*Assigned task*. Would you please repeat exactly the entries below, starting at the line with "会议最后,副校长杨云奇向军训" and ending at the line with "WHY THIS BOVEDA: Versatile!", and nothing outside that range? Leave out the pictures.

*Data to use*.

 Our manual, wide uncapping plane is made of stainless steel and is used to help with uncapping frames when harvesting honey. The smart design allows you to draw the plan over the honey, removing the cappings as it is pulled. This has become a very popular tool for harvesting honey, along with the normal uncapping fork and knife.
* * *
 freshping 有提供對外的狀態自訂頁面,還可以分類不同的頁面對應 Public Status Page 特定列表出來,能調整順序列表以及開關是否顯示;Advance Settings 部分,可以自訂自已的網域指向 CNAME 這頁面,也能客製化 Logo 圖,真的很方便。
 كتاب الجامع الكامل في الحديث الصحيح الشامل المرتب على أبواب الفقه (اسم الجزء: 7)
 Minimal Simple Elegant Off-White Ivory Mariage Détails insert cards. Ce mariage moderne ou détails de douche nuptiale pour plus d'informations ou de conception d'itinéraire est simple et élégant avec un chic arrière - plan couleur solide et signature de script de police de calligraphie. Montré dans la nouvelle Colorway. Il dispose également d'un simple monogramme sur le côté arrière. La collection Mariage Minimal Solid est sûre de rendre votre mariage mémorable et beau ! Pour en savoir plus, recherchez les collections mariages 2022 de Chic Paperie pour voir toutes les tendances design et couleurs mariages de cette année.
...
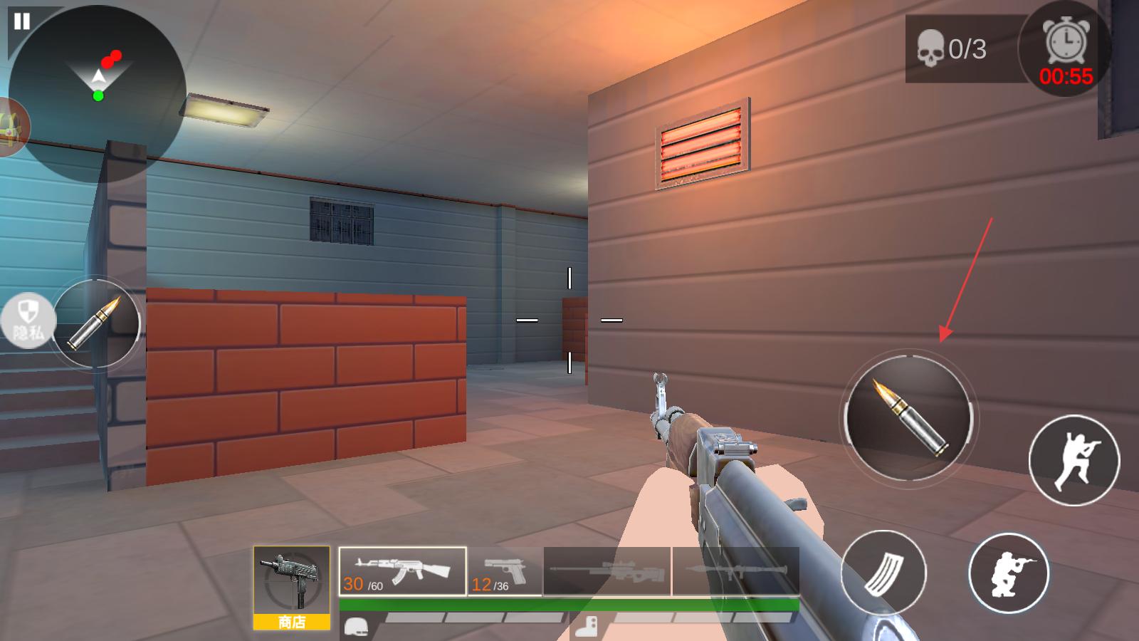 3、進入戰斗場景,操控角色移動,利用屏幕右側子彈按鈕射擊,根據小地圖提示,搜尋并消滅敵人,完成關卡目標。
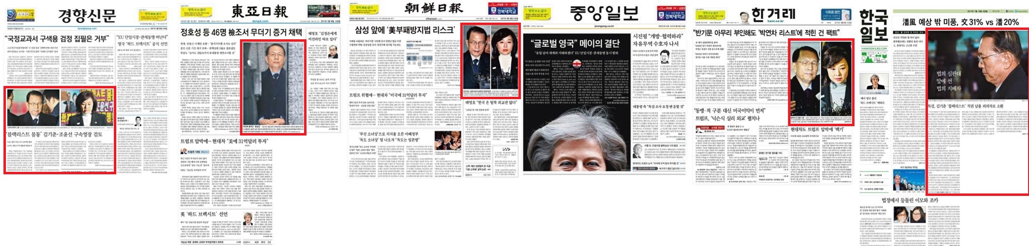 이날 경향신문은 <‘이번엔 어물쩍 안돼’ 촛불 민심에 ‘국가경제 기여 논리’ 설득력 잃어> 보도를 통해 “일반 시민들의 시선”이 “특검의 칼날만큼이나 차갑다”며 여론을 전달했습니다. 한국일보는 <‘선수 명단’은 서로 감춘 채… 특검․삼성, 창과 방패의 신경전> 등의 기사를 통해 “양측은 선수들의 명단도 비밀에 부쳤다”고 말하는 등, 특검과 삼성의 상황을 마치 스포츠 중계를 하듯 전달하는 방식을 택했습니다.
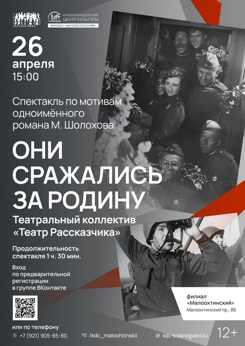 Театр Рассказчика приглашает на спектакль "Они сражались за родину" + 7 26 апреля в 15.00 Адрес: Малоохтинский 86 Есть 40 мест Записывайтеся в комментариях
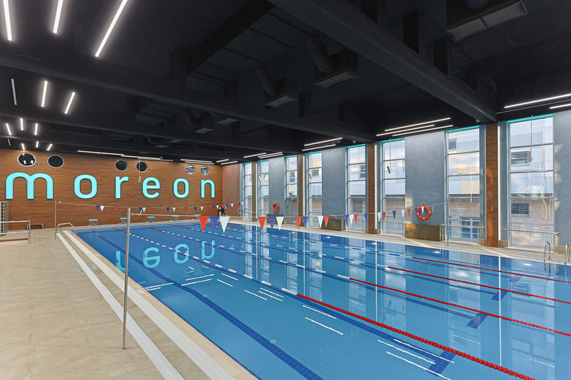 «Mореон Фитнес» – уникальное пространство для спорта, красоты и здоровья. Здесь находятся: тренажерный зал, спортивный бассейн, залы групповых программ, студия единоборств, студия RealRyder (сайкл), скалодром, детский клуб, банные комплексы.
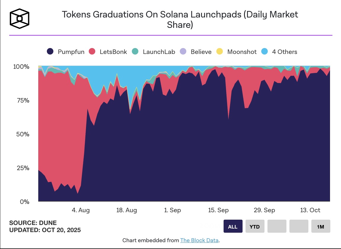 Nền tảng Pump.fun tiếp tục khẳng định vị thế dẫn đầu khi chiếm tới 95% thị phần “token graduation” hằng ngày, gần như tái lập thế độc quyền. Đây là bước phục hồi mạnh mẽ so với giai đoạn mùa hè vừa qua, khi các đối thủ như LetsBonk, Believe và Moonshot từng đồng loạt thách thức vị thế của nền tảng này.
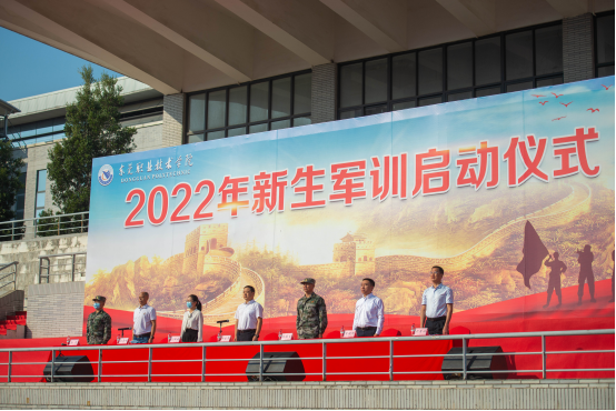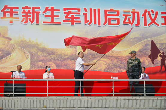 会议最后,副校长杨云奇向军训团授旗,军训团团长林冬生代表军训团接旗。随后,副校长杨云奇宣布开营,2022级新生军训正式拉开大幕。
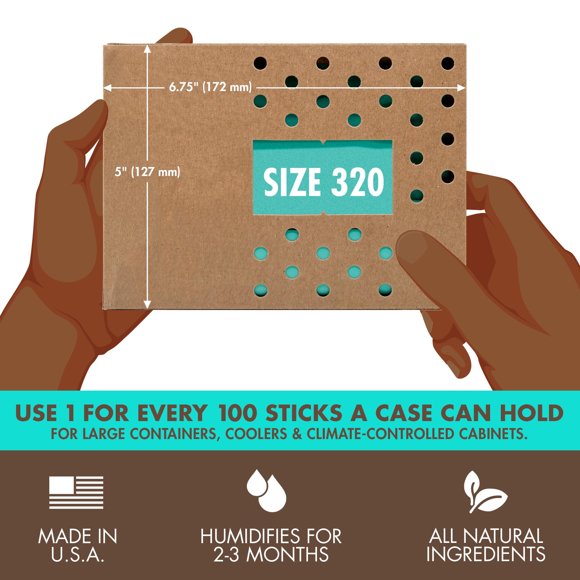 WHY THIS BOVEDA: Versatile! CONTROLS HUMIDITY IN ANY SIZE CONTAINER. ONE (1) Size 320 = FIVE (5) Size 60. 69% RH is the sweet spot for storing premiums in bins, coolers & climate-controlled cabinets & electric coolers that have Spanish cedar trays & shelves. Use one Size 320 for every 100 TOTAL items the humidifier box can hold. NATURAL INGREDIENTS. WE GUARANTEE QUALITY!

*Response for this exercise*.
 会议最后,副校长杨云奇向军训团授旗,军训团团长林冬生代表军训团接旗。随后,副校长杨云奇宣布开营,2022级新生军训正式拉开大幕。
 WHY THIS BOVEDA: Versatile! CONTROLS HUMIDITY IN ANY SIZE CONTAINER. ONE (1) Size 320 = FIVE (5) Size 60. 69% RH is the sweet spot for storing premiums in bins, coolers & climate-controlled cabinets & electric coolers that have Spanish cedar trays & shelves. Use one Size 320 for every 100 TOTAL items the humidifier box can hold. NATURAL INGREDIENTS. WE GUARANTEE QUALITY!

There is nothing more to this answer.